Summary: Through the src attribute of the IFRAME to the local domain, the cross-domain data is transferred from the Window.name to the local domain by the IFRAME. This cleverly bypasses the browser's cross-domain access restrictions, but at the same time it is safe to operate.

V. PostMessage cross-Domain

PostMessage is an API in HTML5 XMLHttpRequest Level 2 and is one of the few window properties that can operate across domains, and it can be used to address issues such as the following:
A.) The data passing of the page and its open new window
B.) Message passing between multiple windows
C.) page and nested IFRAME message delivery
D.) Cross-domain data transfer for the above three scenarios

Usage: PostMessage (Data,origin) method accepts two parameters
The DATA:HTML5 specification supports any basic type or replicable object, but some browsers only support strings, so it is best to serialize with json.stringify () when you pass the parameter.
Origin: Protocol + host + port number, can also be set to "*", indicating can be passed to any window, if you want to specify the same as the current window is set to "/".

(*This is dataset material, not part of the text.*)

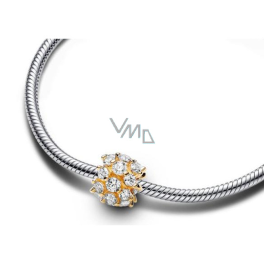 Charm Srebrna 925 Złote błyszczące okrągłe czar, koralik na bransoletkę symbol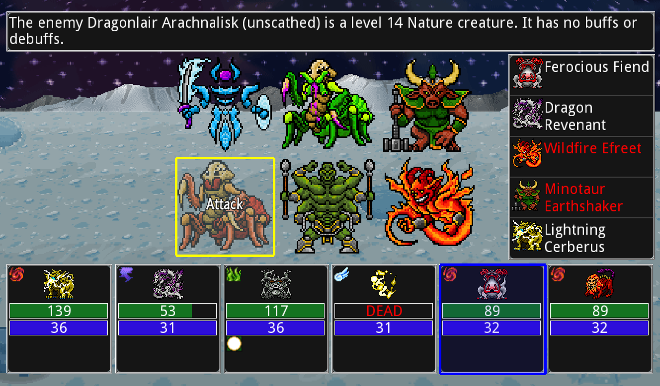 - Equip your creatures with spells. Spells can be found with randomly generated properties that change the way they behave in battle.

1.) a.html: (http://www.domain1.com/a.html)

<iframe id= "iframe" src= "http://www.domain2.com/b.html" style= "Display:none;" ></iframe><script>           var iframe = document.getElementById (' iframe ');    Iframe.onload = function () {        var data = {            name: ' Aym '        };        Transmitting cross-domain data        iframe.contentWindow.postMessage (json.stringify (data), ' http://www.domain2.com ') to domain2;    };    Accept domain2 Return Data    window.addeventlistener (' message ', function (e) {        alert (' Data from domain2---> ' + e.data) ;    }, False);</script>

2.) b.html: (http://www.domain2.com/b.html)

<script>    //Receive domain1 Data    window.addeventlistener (' message ', function (e) {        alert (' data from Domain1---> ' + e.data);        var data = Json.parse (e.data);        if (data) {            Data.number = +;            After processing, send back domain1            window.parent.postMessage (json.stringify (data), ' http://www.domain1.com ');        }    , False);</script>

Vi. cross-domain resource sharing (CORS)

Common cross-domain request: Only the server set Access-control-allow-origin, the front-end does not need to set up, to bring a cookie request: both front and rear needs to be set.

Note that the cookie read is a cookie for the domain of the cross-domain request interface, not the current page, due to the restriction of the same Origin policy. If you want to implement the current page cookie write, you can refer to the following: seven, Nginx reverse proxy set Proxy_cookie_domain and eight, Nodejs middleware agent cookiedomainrewrite parameter settings.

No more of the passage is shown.